Latest News
You are here: Home | Umum | Awal Desember, Subsidi Tarif Listrik 1.300 dan 2.200 VA Dicabut
Awal Desember, Subsidi Tarif Listrik 1.300 dan 2.200 VA Dicabut

Awal Desember, Subsidi Tarif Listrik 1.300 dan 2.200 VA Dicabut

TARIF LISTRIK NAIK 11,6%

Duniaindustri.com (November 2015) – PT Perusahaan Listrik Negara (Persero), BUMN operator dan distributor listrik di Indonesia, mencabut subsidi tarif listrik untuk pelanggan golongan rumah tangga berdaya 1.300 dan 2.200 VA mulai awal Desember 2015. Dengan demikian, tarif listrik pelanggan rumah tangga berdaya 1.300 dan 2.200 VA mulai awal Desember 2015 naik 11,6% dibandingkan November 2015 menyusul pemberlakuan mekanisme penyesuaian tarif kedua golongan tersebut.

Kepala Divisi Niaga PT PLN (Persero) Benny Marbun mengatakan, pada Desember 2015, tarif listrik pelanggan rumah tangga golongan berdaya 1.300 dan 2.200 VA ditetapkan sebesar Rp1.509 per kWh. Sementara, pada November 2015, tarif golongan berdaya 1.300 dan 2.200 VA masih ditetapkan tarif sebesar Rp1.352 per kWh.
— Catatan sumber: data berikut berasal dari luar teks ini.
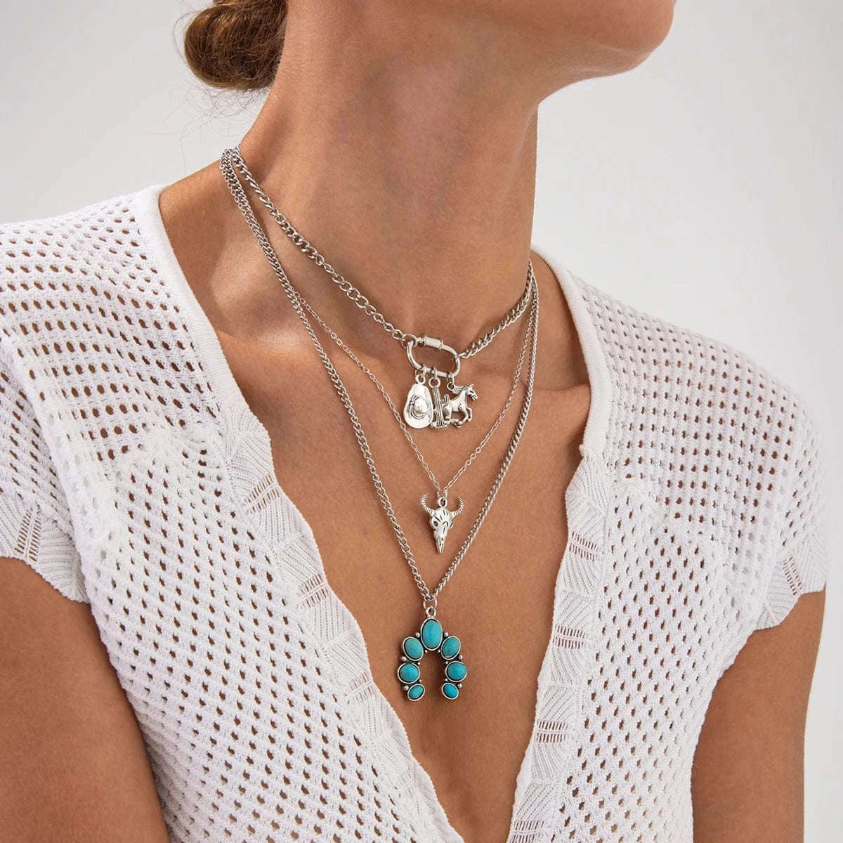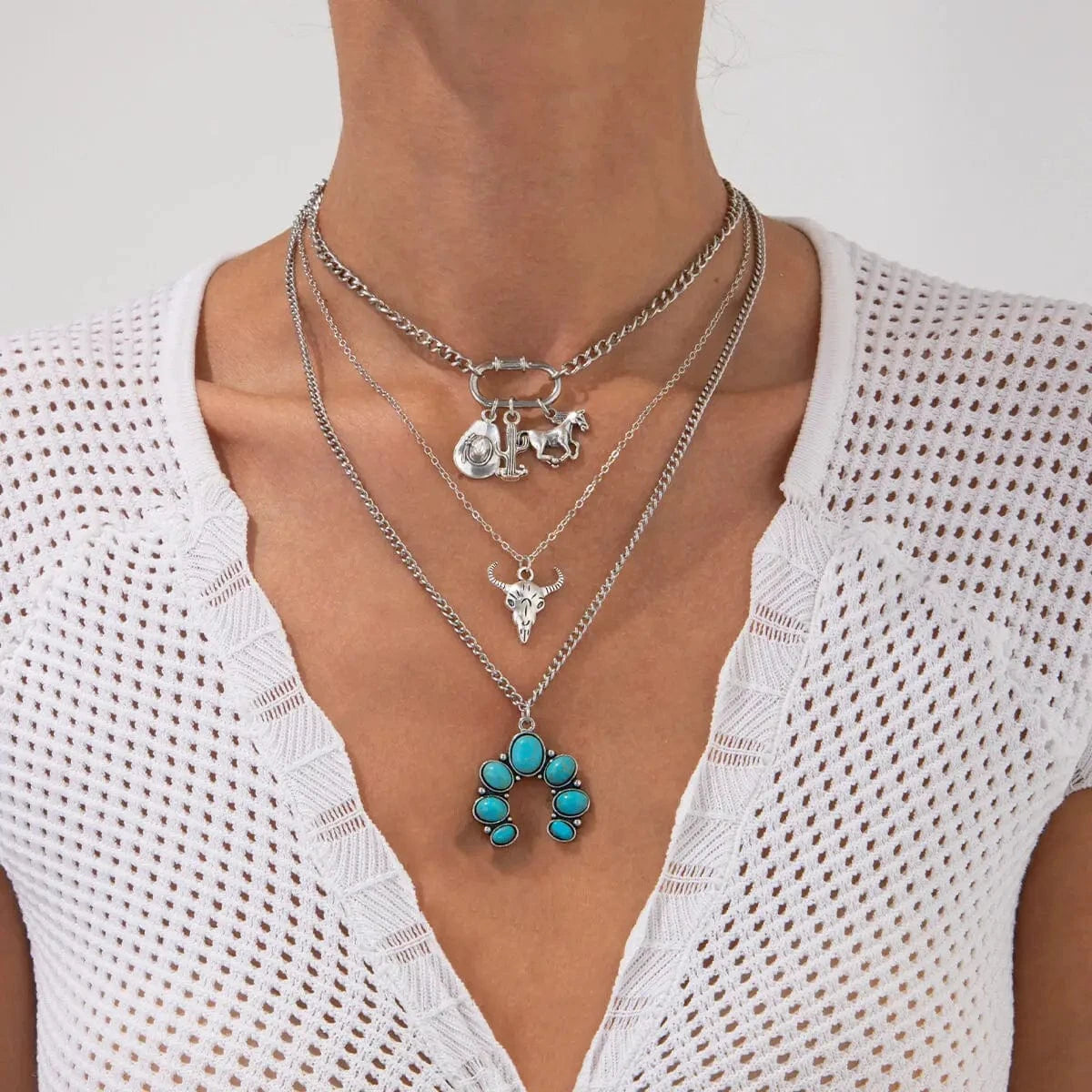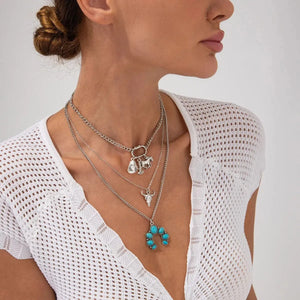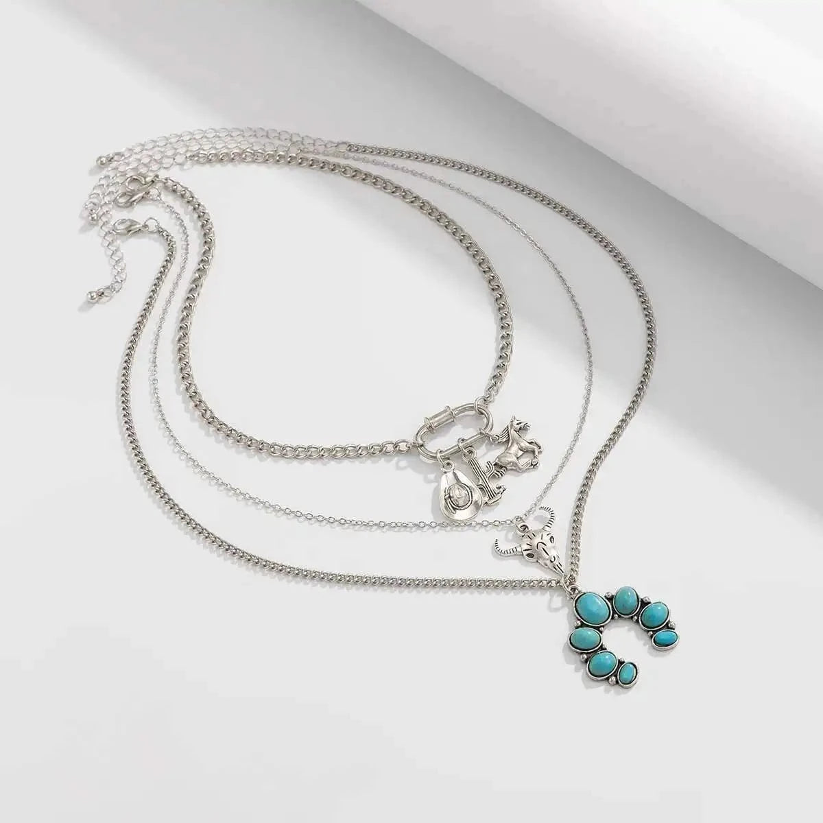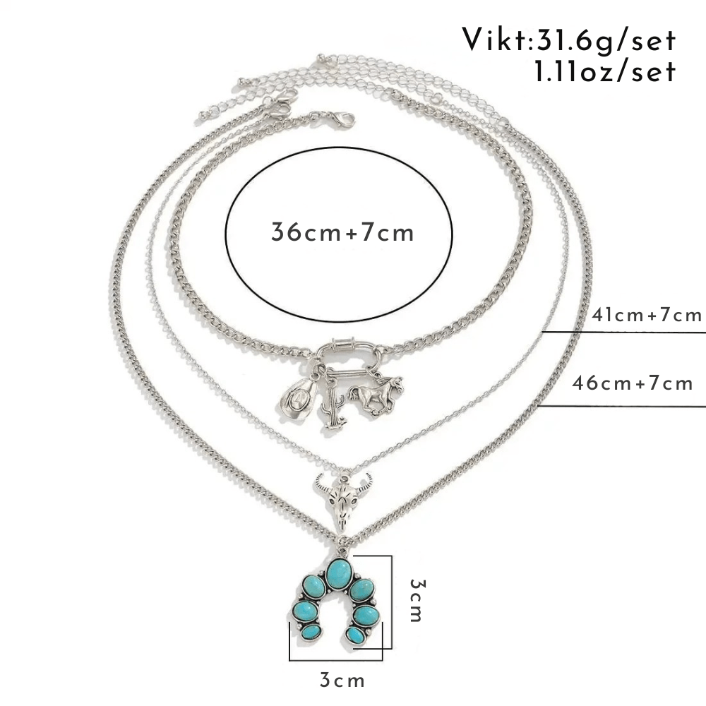 Låt västern möta bohemisk charm. Detta halsbandsset i flera lager är prytt med turkosa stenar och detaljerade cowboy-inspirerade berlocker som ger din outfit en rå men sofistikerad känsla.

Dengan demikian, terdapat kenaikan Rp157 per kWh atau 11,6%.

Mulai awal Desember 2015, PLN memberlakukan mekanisme penyesuaian tarif (tariff adjustment) atau tidak mendapat subsidi lagi untuk pelanggan golongan rumah tangga berdaya 1.300 dan 2.200 VA.

Plt Kepala Satuan Komunikasi Korporat PLN Bambang Dwiyanto mengatakan, sebenarnya, tarif listrik bagi rumah tangga daya 1.300 dan 2.200 VA sudah harus mengikuti mekanisme “tariff adjustment” per 1 Januari 2015 bersamaan dengan pelanggan 10 golongan lainnya.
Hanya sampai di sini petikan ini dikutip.